Mergers and Acquisitions Return to Favor

Fresh from a string of disappointing financial results and burdened by sagging growth rates, consumer products makers may turn to a time-honored solution — mergers and acquisitions.

Many companies, such as Procter & Gamble, Unilever and Sara Lee have said they plan to focus on their core businesses and get rid of poorly performing assets.

Dial, struggling with weak financial results, says it’ll consider all options, leading many analysts to believe the company might consider a partial or a full sale.

Meanwhile, Gillette, itself an object of takeover speculation, recently entered into an agreement to sell its stationary business, while also abandoning a plan to find a buyer for its Braun appliance unit.

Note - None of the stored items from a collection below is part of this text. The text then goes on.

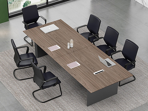 風格與辦公區整體保持一致,簡約時尚更實用,省卻復雜的形狀配置,采用經濟實用型會議臺,走線與收納功能完善、配有多功能插座,滿足無障礙會議討論需求。
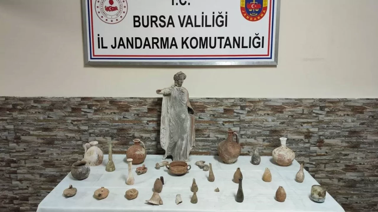 Bursa’nın Nilüfer ilçesinde jandarma ekiplerinin düzenlediği operasyonda tarihi eser kaçakçılarına darbe vuruldu. Roma ve Bizans dönemine ait 29 obje, 60 santimetrelik bir heykel ve el dedektörü ele geçirildi.
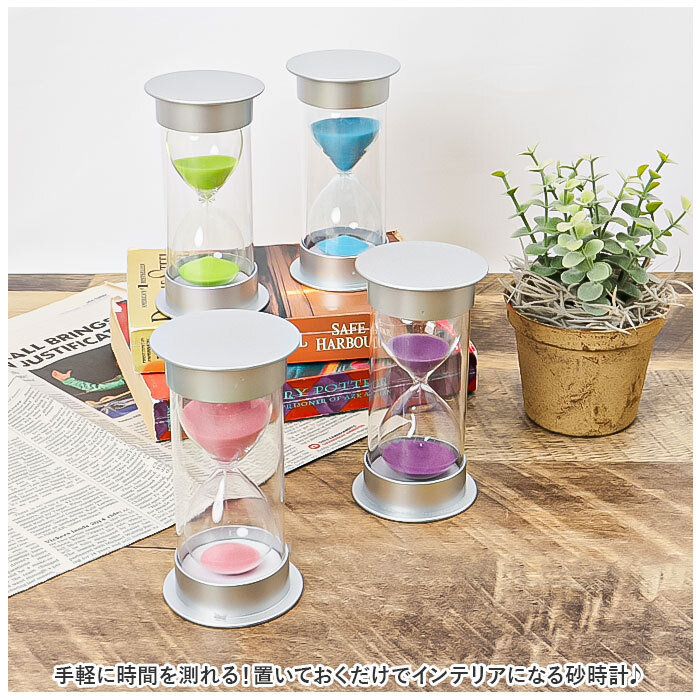 | 商品説明 | ・・手軽に時間を測れる!置いておくだけでインテリアになる砂時計♪ ・【ひっくり返すだけで簡単】 ・スマホやキッチンタイマーなどのデジタル機器と違って、時間を測りたい時に上下にひっくり返すだけ!いざという時にも便利な、設定不要のアナログ構造。 ・【シーンに合わせて使える6タイプ】 ・・3分・5分・10分・15分・20分・30分の6タイプをラインナップ!用途に応じて使い分けできるのが嬉しい◎(※製品の特性上、時間は目安となります。) ・【シンプルなデザイン】 ・シルバーの台座に、キレイに色づけた砂がアクセント。どんなテイストのお部屋にも素敵にマッチ。 ・【リラックスタイムのお供に】 ・ぼーっと眺めているだけで、ゆったりとした時間を感じさせてくれる!忙しい毎日の中に癒やしの時間を♪ ・【知育道具としても活躍】 ・歯磨きや朝の準備、ゲーム時間・・・。お子さまが時間の感覚を身につけるトレーニングにもおすすめ! |
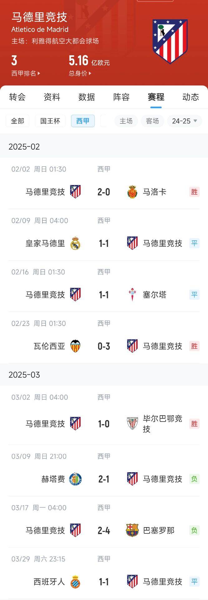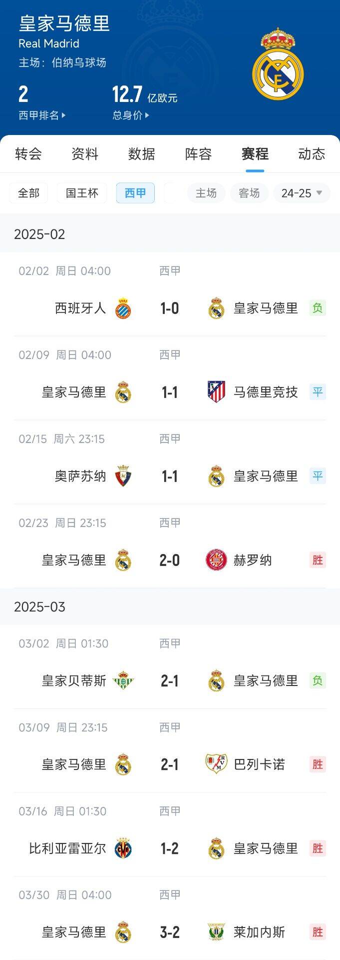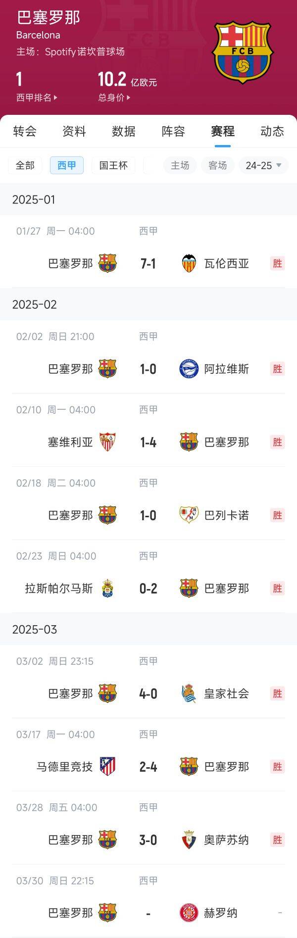 2025-03-30 20:04:15西甲三強(qiáng)狀態(tài)一覽:巴薩8連勝,皇馬8輪4勝近期3連勝,馬競8輪3勝
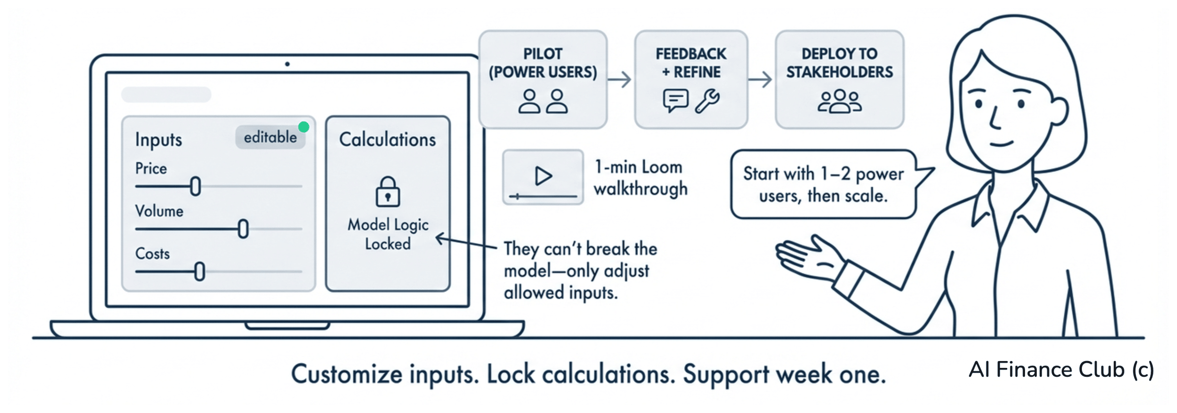 Plus, you can control which variables business partners can adjust and which calculations remain locked. They can't accidentally break the model because they can only adjust the inputs you've allowed them to access.
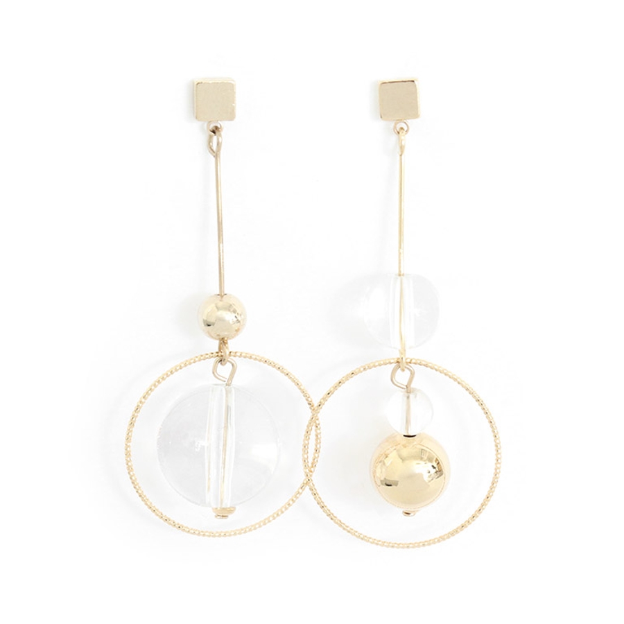 アシンメトリーのデザインと、ゴールドのカラーリングにクリアパーツの相性が、大人っぽい雰囲気にスタイリングを格上げします。パーツを繋ぐ線形も極細のものをあしらうことで、繊細で女性らしい印象に。
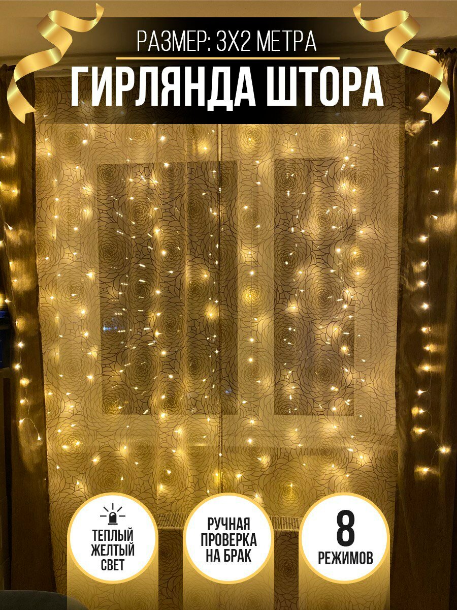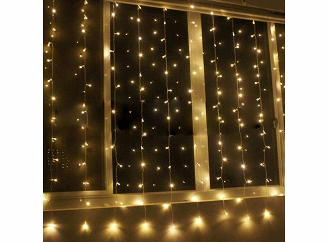Гирлянда электрическая светодиодная 3х2 метра / Гирлянда штора занавес новогодняя, желтый
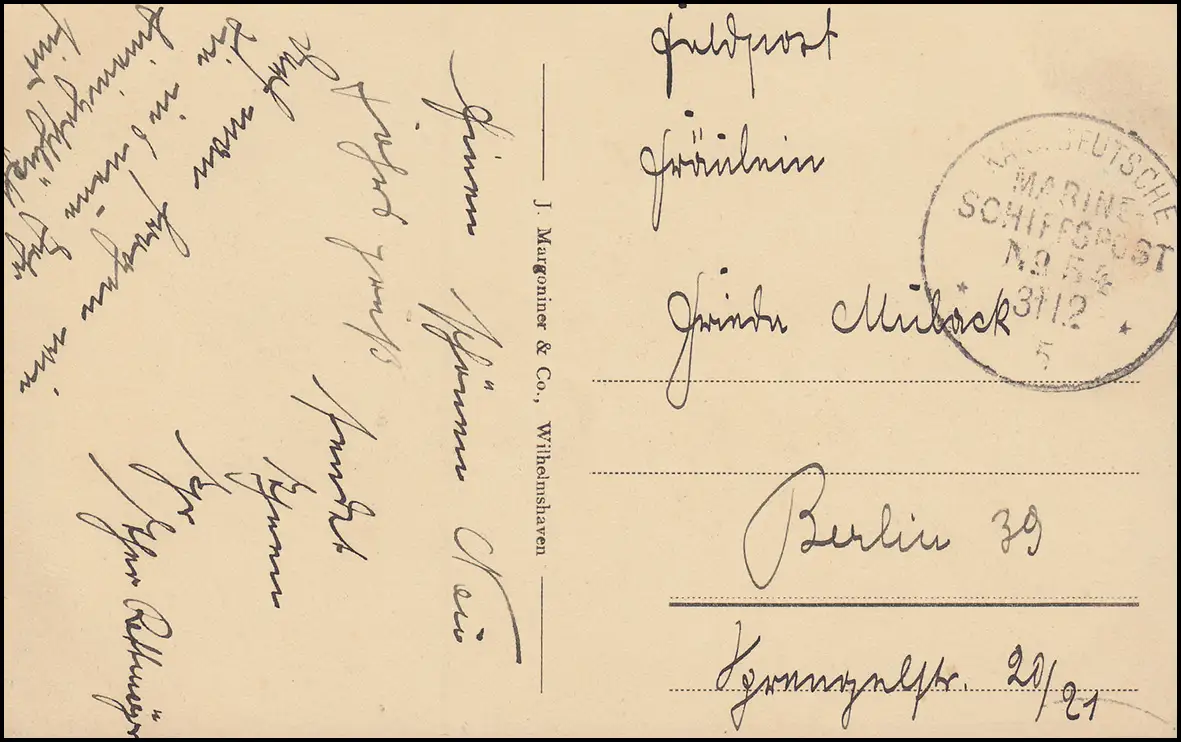Ansichtskarte "Wilhelmshaven Marktstraße" als Feldpost-Karte nach Berlin
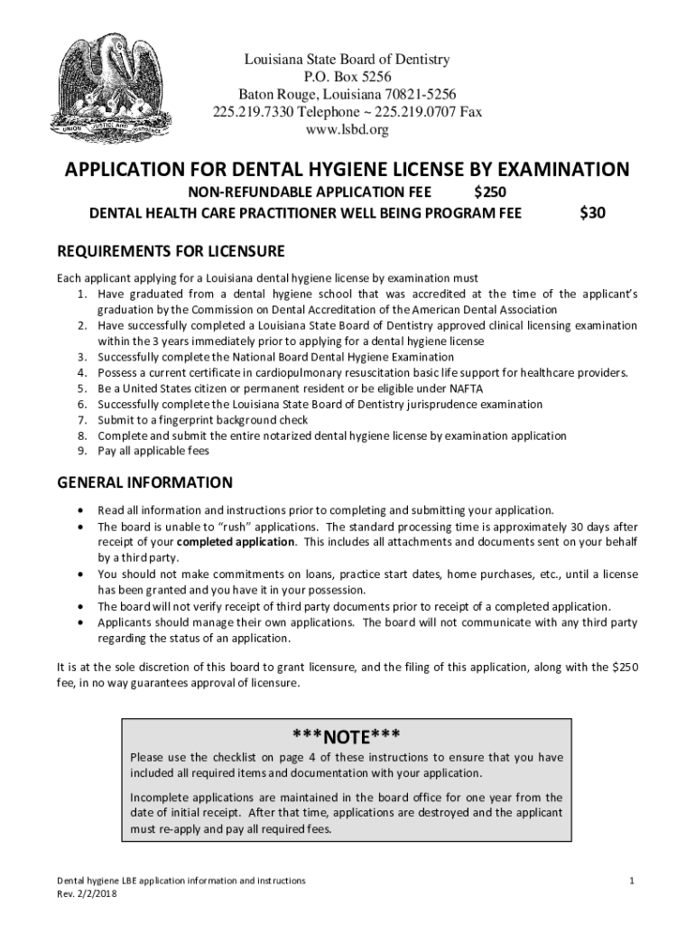 Louisiana State Board of Dentistry P.O. Box 5256 Baton Rouge, Louisiana 708215256 225.219.7330 Telephone 225.219.0707 Fax www.lsbd.orgAPPLICATION FOR DENTAL HYGIENE LICENSE BY EXAMINATION NONREFUNDABLE
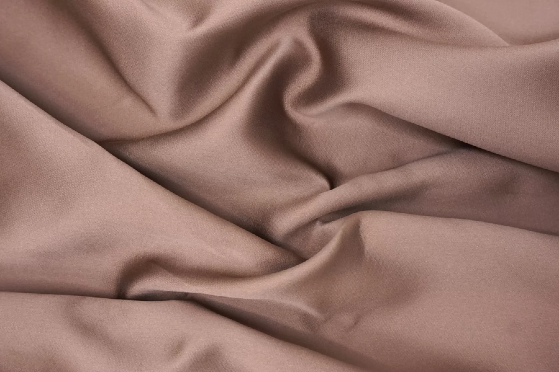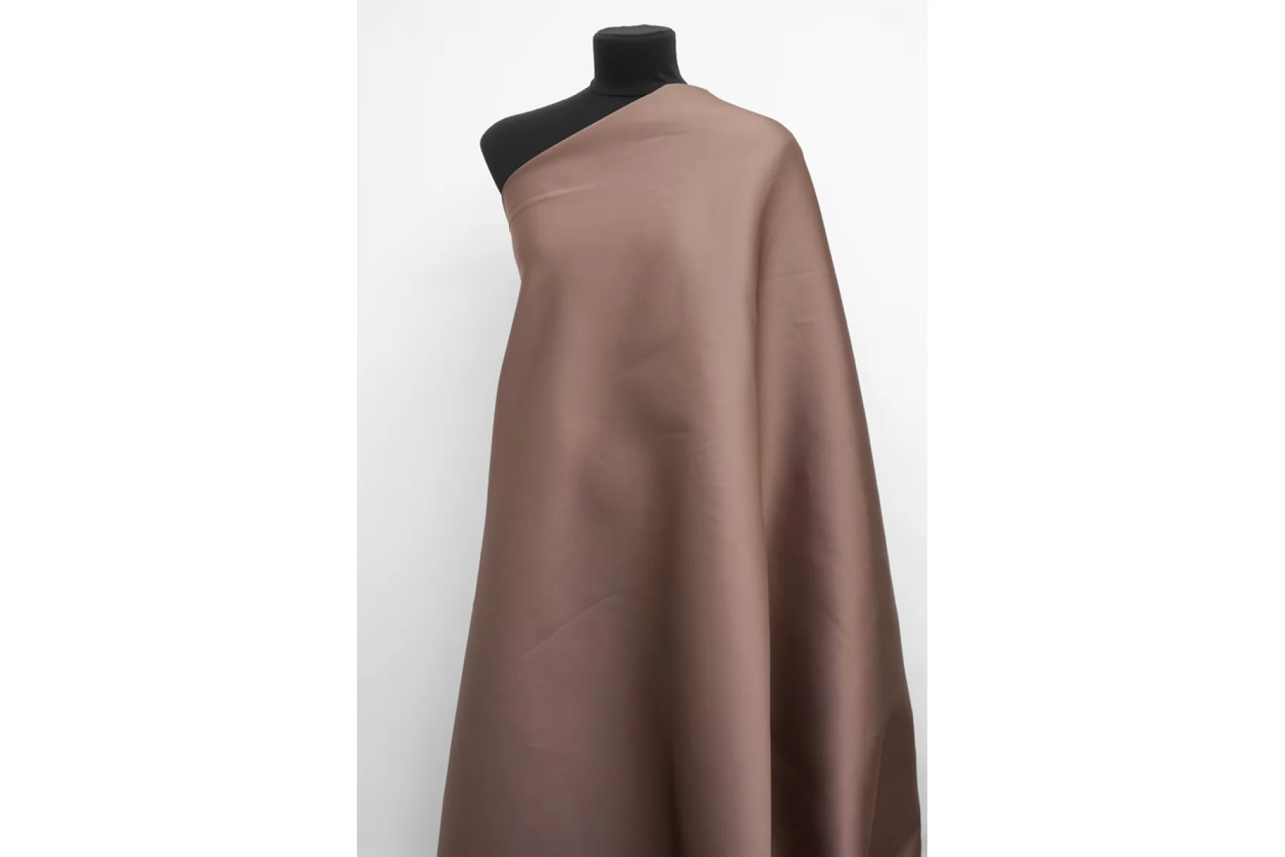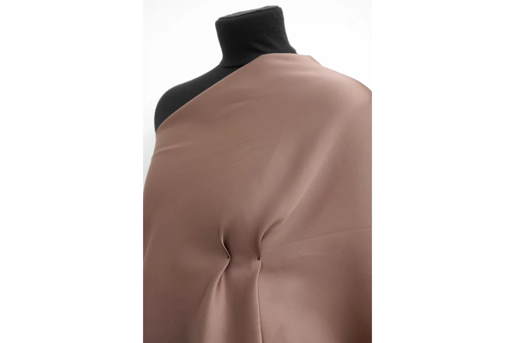 На отрезе грязь и черное пятно! Очень классный костюмный атлас шелк с ацетатом в приятном оттенке какао с молоком. На ощупь материал приятный, с красивым лоском, гладкий. В основе - плотные, прочные нити, которые придают материалу формодержание и возможность держать округлую складку. Атлас не тянется, немного мнется. Не просвечивает. Отлично подойдёт на отрезные платья, костюмные варианты, юбки и не только. Уход деликатный.
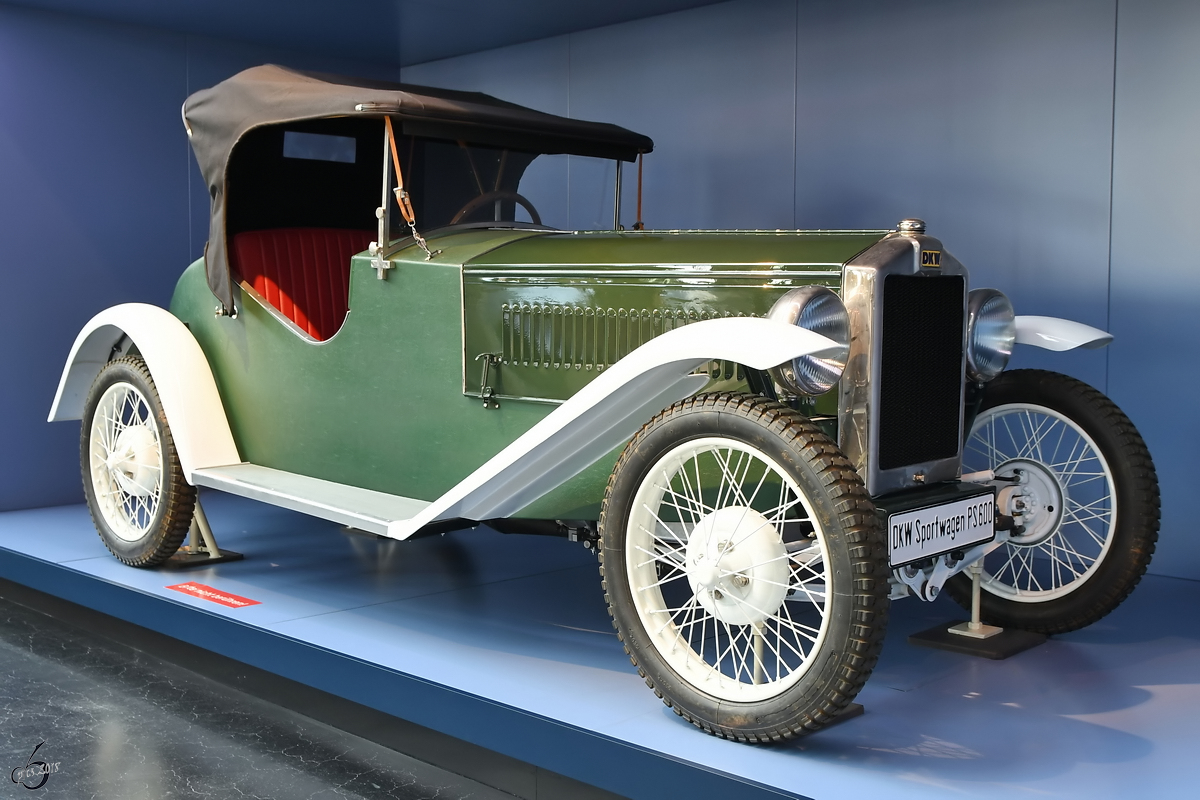 Ein DKW PS800 Sportwagen, ausgestellt im Sächsischen Industriemuseum Chemnitz. (August 2018)

A Hard Year for Consumer Stocks Despite some takeover speculation, most consumer products stocks continue to suffer thanks to all the problems the companies have confronted this year. Higher raw material prices, a sagging Euro, decreasing inventories at retail stores and a highly intense, competitive environment among consumer goods manufacturers have made it a difficult year for household products makers.

Most analysts agree that scale is an advantage for consumer products manufacturers, as large retailers like Wal-Mart expand globally and look for suppliers that sell a wide variety of products and have well-developed marketing, advertising and distribution channels. But when and how the industry’s consolidation will occur is a subject for debate.

William Steele, an analyst with Banc of America Securities, says he expects significant M&A activity in the next few years, with larger companies getting rid of noncore brands, overseas companies merging with North American companies and middle-tier companies rethinking their core categories.

“This is not necessarily a piece that’s indicative of earnings acceleration; this is a survival strategy,” says Steele, whose firm has done underwriting for Dial. “Middle-tier companies are faced with two choices: lose market share or increase spending to maintain market share. The middle-tier suppliers have almost got to start joining up.”

The Candidates Are … Companies that are often bandied about as potential merger candidates in that category include Playtex, Alberto-Culver (maker of Alberto VO5 shampoo), Church & Dwight (maker of Arm & Hammer baking soda) and Dial. A Playtex spokeswoman declined to comment on merger speculation, while spokespeople from Dial and Church & Dwight didn’t return calls seeking comment.

An Alberto-Culver spokesman says his company is confident of its ability to make it alone. The maker of Static Guard had sales of $1.9 billion in 1999, a drop in the bucket compared to P&G’s $38.1 billion in fiscal 1999.

“We’re a 45-year-old company, and we’ve been hearing predictions of our demise for 44 of those years,” says spokesman Daniel Stone. “There’s something to be said for competitive tension in the market and companies that can bring you the best deals and the most creative advertising. When that number dwindles to two or three, there’s a tendency for that to stop.”

Dial’s management changeover recently revived speculation about the fate of the beleaguered soap maker.

“I think this industry continues to be ripe for consolidation, and I think over time Dial will go out that way,” says Franklin Morton, director of research at Chicago’s Ariel Capital, which owns and Dial and Clorox Co. “To me, it’s a when and not an if.”